3) Comment by Tea_Slayer - 05/10/2012

localgal, real all of Mr hammatt's post. For instance: "Now we find that the state's own "value-added" scores show our teachers outperform the state average (by far) on student growth. Now, let me point out something. The state's "value-added" scores are not worth the paper they are printed on. (By the way, the Department of Education has NEVER released the formula itself... I guess it is TOP SECRET.) School Performance Scores SPS or "Letter Grades, also have no relationship with the quality of teaching."

4) Comment by localgal - 05/10/2012

Noel, it should be fairly easy for EBR to accomplish the stats in this article. So many of the schools here are doing very poorly. We have how many schools graded as either C,D, or F? It didn't take too much for many of the teachers to reach the benchmark under the new evaluation. I would predict that other poorly rated school systems will have their teachers faring the same because they had so far to go to pull their schools up to an A or a B. Those stats don't prove anything. Look at that poor school in Sheveport mentioned in another article. They are the top elementary school in the state, yet the teachers there risk being ruled ineffective. I would be curious to know how well the teachers at magnet schools here in the parish were represented. They are probably going to face the same problem as the school in Shreveport. Which 20% of teachers were sampled? Of course the state doesn't want to release any more stats by individual parish because they will have to admit that this whole "reform"is a total joke! The entire system is corrupt. The only way to evaluate teachers is to get solid, qualified principals to do what they used to do---get into the classroom and observe your teachers on a regular basis. Now they have no time to check on the teachers in their own schools. Neither do all the high paid supervisors at the local level. They have become glorified paper pushers. Free them from the endless paperwork, get the federal government out of our hair and quit forcing states to compete for funds for their state schools. Abolish the U.S. Department of Education. Give us back our local schools.

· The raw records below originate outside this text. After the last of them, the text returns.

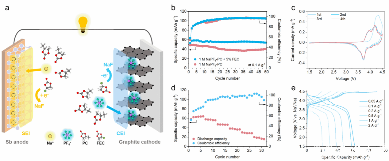 近日51暗网 化材学院碳中和技术创新研究院李林团队联合南开大学赵庆教授以及澳大利亚伍仑贡大学赖伟鸿教授在国际权威期刊《Angewandte Chemie International Edition》上发表题为《Insight into the Role of Fluoroethylene Carbonate on the Stability of Sb||Graphite Dual-Ion Batteries in Propylene Carbonate-Based Electrolyte》的学术论文。本论文以锑(Sb)和石墨分别作为阳极和阴极,研究了含有氟代碳酸乙烯酯(FEC)添加剂的电解液中Na- DIBs的电化学性能。与不含FEC的电解液(1 M NaPF6-碳酸丙烯酯(PC))相比,作者发现加入FEC添加剂(5 wt.%)可促进阴极和阳极上富含NaF的无机电极电解质界面的形成,并改变PF6-阴离子的溶剂化行为。这种改性不仅有效抑制了NaPF6盐和PC溶剂的过度分解,还促进了PF6-阴离子在石墨阴极中的插层。制备的Sb||石墨全电池在50次循环后达到了58.5 mAh g-1的高放电比容量,容量保留率为93.1%(而传统电解质分别为48.3 mAh g-1和79.7%)。此外,在功率密度为157.78 W kg-1时,电池的能量密度为194.95 Wh kg-1(基于正极和负极的活性材料的质量)。本工作阐明了双功能FEC的潜在机制,并为构建高性能双离子电池提供了一种替代策略,促进了他们在未来可持续储能系统中的实际应用。
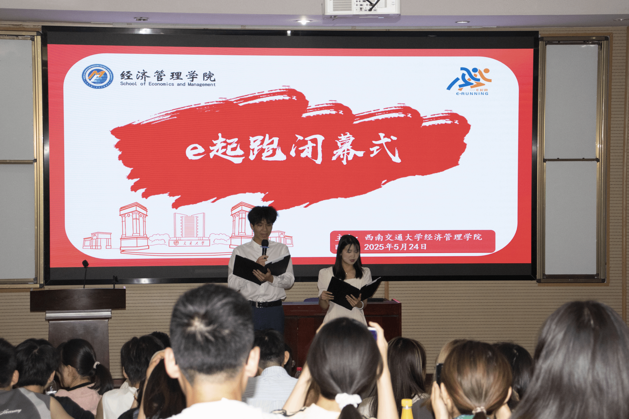 2025年5月24日晚,经济管理学院第二季e起跑活动闭幕式顺利举行。学院党委副书记余小英老师,学院团委书记贾佳老师,学院团委副书记、本科2023级辅导员苏扬老师出席活动,与同学们共同回顾奔跑历程,见证活动圆满收官。
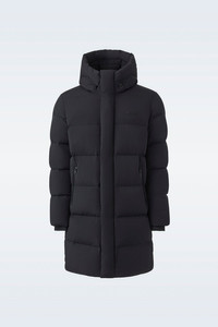 ANTOINE-CITY is a recycled technical down jacket for men crafted with an Agile 360 2-way stretch shell for enhanced comfort and unrestricted movement. Engineered for warmth in the coldest temperatures, it is water-resistant and repellent, and fully lined. Storm cuffs, insulated pockets, and storm visor deliver ultimate protection against the elements while under-arm eyelets provide ventilation on warmer days. A monochromatic quilted winter essential, designed for enduring functionality. - Recycled technical down jacket - Agile 360 2-way stretch shell - Traceable duck down - 800 fill power - Arctic Rated: Down to -25°C - Non-removable hood - Quilted body and sleeves - Under-arm eyelets for ventilation - Fully lined - Hood with adjustable storm visor - Centre front closure with zippers, placket, and hidden snaps - Storm cuffs - Adjustable drawcord at bottom hem - Regular fit - Waterproof zippers - Inside pocket - Silicone rubberized MACKAGE branding at chest SIZE & FIT - REGULAR – Classic fit allowing comfort and style. - Designed to be worn with heavier layers. - The model is 6'2" (187 cm) and wears a size 40. - Length from shoulder to hem: 39'' / 99 cm. COMPOSITION & CARE INSTRUCTIONS - Shell: 82% recycled nylon, 18% elastane/spandex. Combo: 82% polyester, 18% elastane/spandex. Lining: 82% recycled nylon, 18% elastane/spandex. Filling: 90% goose down, 10% feathers. Water-repellent & Water-resistant. - Dry clean by leather specialist using oil-based solvent only. Do not use perchloroethylene.
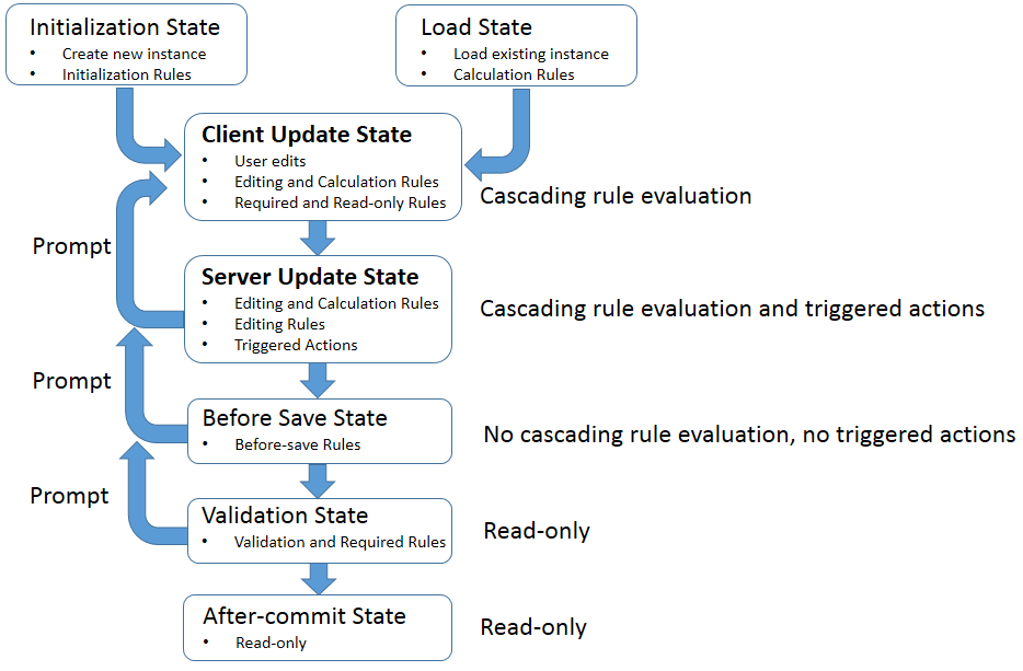 When clients (such as the user interface, workforce engine, email listener, and so on) enter data about the business object instance. This is when the editing and calculation rules are executed to update the values. When you save, the required and read-only rules are executed on the client.
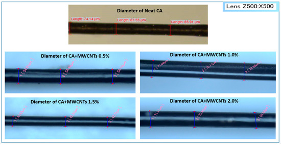 The trapezoidal rule was used to measure the area under the stress-strain curves shown in Figure 4. This area under the curve is the indicator of the fibers’ modulus of toughness. An increase in the modulus of toughness by 25 MPa was observed in 1.5 wt. % MWCNT-reinforced samples. The average modulus of toughness was decreased by 9 MPa for 1.5–2.0 wt. % CNT loaded fibers. The CNT loaded fiber was able to absorb more energy than neat CA fiber. Fracture strain was increased by adding MWCNT to CA fiber.
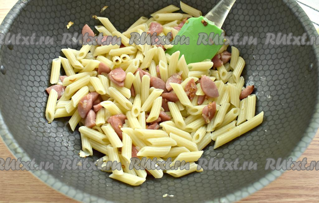 Перекладываем отварные макароны на сковороду к сосискам и луку, перемешиваем.
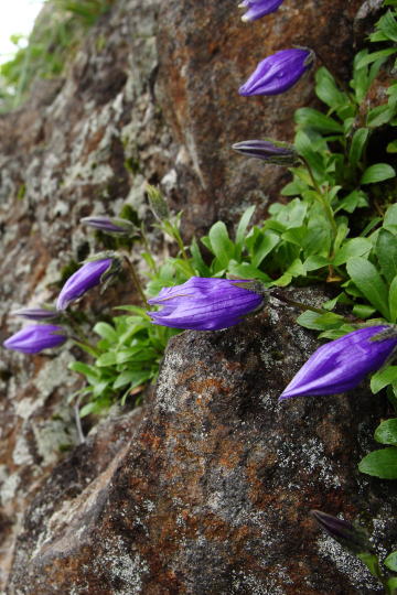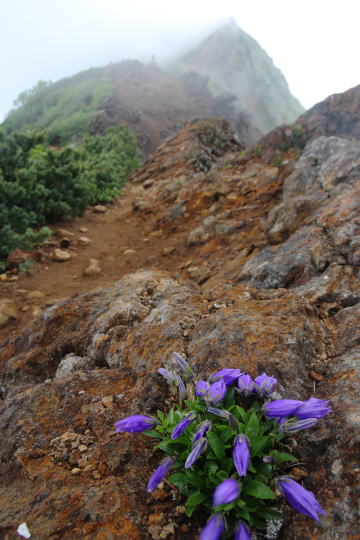 これまた岩場に咲いていたチシマギキョウ。 鮮やかな紫の花が印象的でした。 |

5) Comment by Noel Hammatt - 05/10/2012

Simply amazing, isn't it? So many aspects of this story. EBR, constantly being assailed as a "D" district, while it's students perform above the state national average on the ACT test (when looking at comparisons of White, African-American and Asian students compared to their state-wide an national peer groups) and recognized in the Schott report a couple of years ago as having one of the highest graduation rates for African-American students in the entire country. In the last year we have data for, White students in EBR scored fifth highest in the state. (For the nay-sayers out there who spent all their money bashing the school system in the last School Board elections, please go look up "Simpson's Paradox.") Now we find that the state's own "value-added" scores show our teachers outperform the state average (by far) on student growth. Now, let me point out something. The state's "value-added" scores are not worth the paper they are printed on. (By the way, the Department of Education has NEVER released the formula itself... I guess it is TOP SECRET.) School Performance Scores SPS or "Letter Grades, also have no relationship with the quality of teaching. None. Neither Letter Grades nor "Value Added Measures" (VAM) are legitimate measures of anything at all! And again, I am offering to debate anyone who claims otherwise, at a time and place (public) of their choosing. Only one rule. Any claims must be supported with evidence. And, any state claims must include the actual DATA! The state has consistently refused to allow researchers access top any of the state data. Interesting to note that again we have a district asking for data from the state, and being refused. Any media out there having any luck? Or are they running into a "legal" roadblock thrown up by the state? Would love to see more charter school data. For now, it looks like the state is not going to release data on many of its own RSD schools. What are they hiding? More on this is sure to come!